简体   繁体   English

Modin 之间的比较 | 达斯克 | 数据表| 用于并行处理和内存不足 csv 文件的 Pandas

[英]Comparison between Modin | Dask | Data.table | Pandas for parallel processing and out of memory csv files

What are the fundamental difference and primary use-cases for Dask | Dask 的根本区别和主要用例是什么? Modin |莫丁 | Data.table数据表

I checked the documentation of each libraries, all of them seem to offer a 'similar' solution to pandas limitations我检查了每个库的文档,它们似乎都为熊猫限制提供了“类似”的解决方案

I'm trying to decide which tool to learn of the three for parallel / out-of-memory computing: dask , modin or datatable ( pandas is not a parallel tool, nor is aimed at out-of-memory computing).我试图决定学习三对并口/外的内存计算的该工具: daskmodindatatablepandas是不是平行的工具,也不是为了出的内存计算)。

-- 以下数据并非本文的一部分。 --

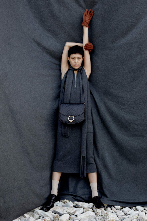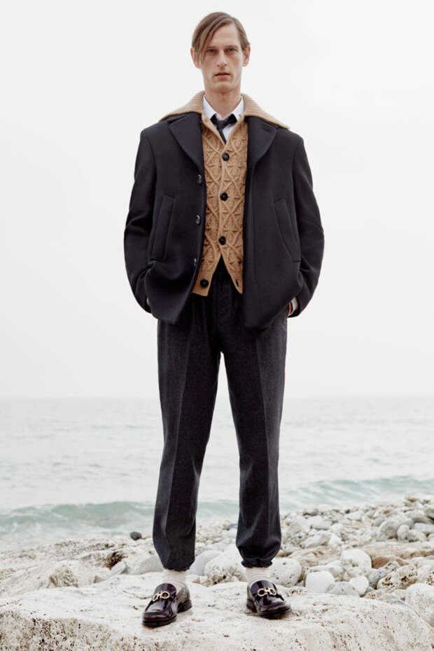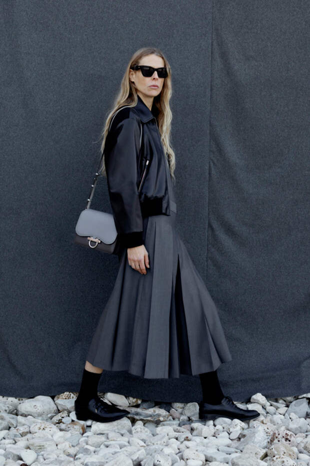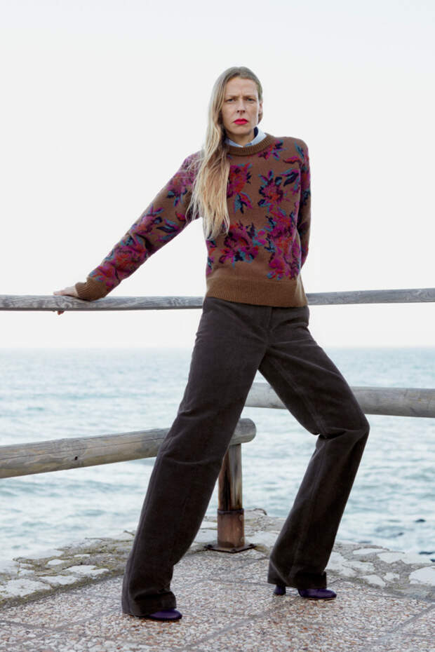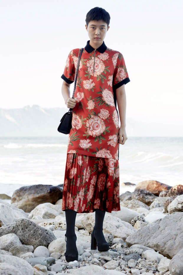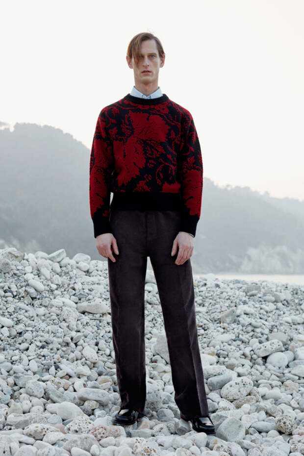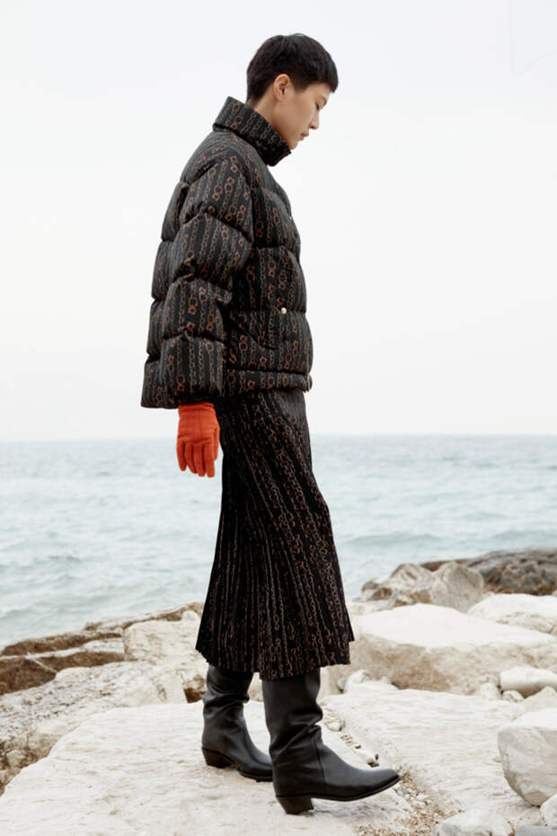 В лукбуке Pre-Fall - 2019, фоном в котором служит холодный и пустой пейзаж, безупречность каждой детали и продуманность образов видны отчетливо. Здесь и многослойный серый комплект из шелкового бомбера и шерстяной юбки, дополненный короткими носками и остроносыми мужскими туфлями, и "бабушкины" свитеры со свободными брюками, и платья с принтом в виде садовых цветов, и пушистые шубы, и пуховик цвета матчи.
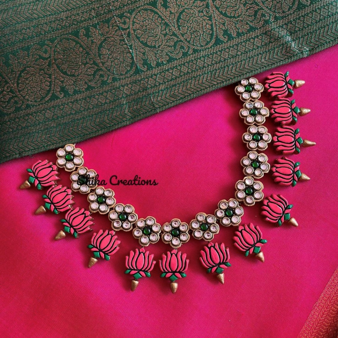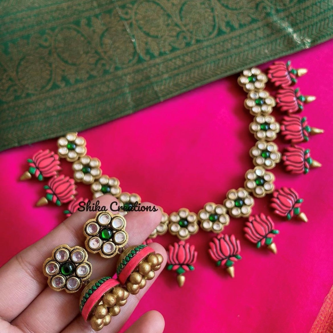 About the Product: Shika blended terracotta with kundhans to get a new stunning look for your outfit. What makes this more special is that this is completely handcrafted. Terracotta lotus neckwear and jhumkas with kundhan stone embellishments. The neckwear comes with adjustble chain for the closure.

Didn't find any out-of-memory tools in datatable documentation (discussed here ), hence I'm only focusing on modin and dask .没有找到内存外的任何工具在datatable文件(讨论这里),所以我只专注于modindask

In short modin is trying to be a drop-in replacement for the pandas API, while dask is lazily evaluated.总之modin正试图成为一个下拉更换为pandas API,而dask是懒洋洋地评估。 modin is a column store, while dask partitions data frames by rows. modin是一个列存储,而dask分区的数据帧由行。 The distribution engine behind dask is centralized, while that of modin (called ray ) is not.背后的分发引擎dask集中,而中modin (被称为ray )不是。 Edit : Now modin supports dask as calculation engine too.编辑:现在modin支持dask作为计算引擎了。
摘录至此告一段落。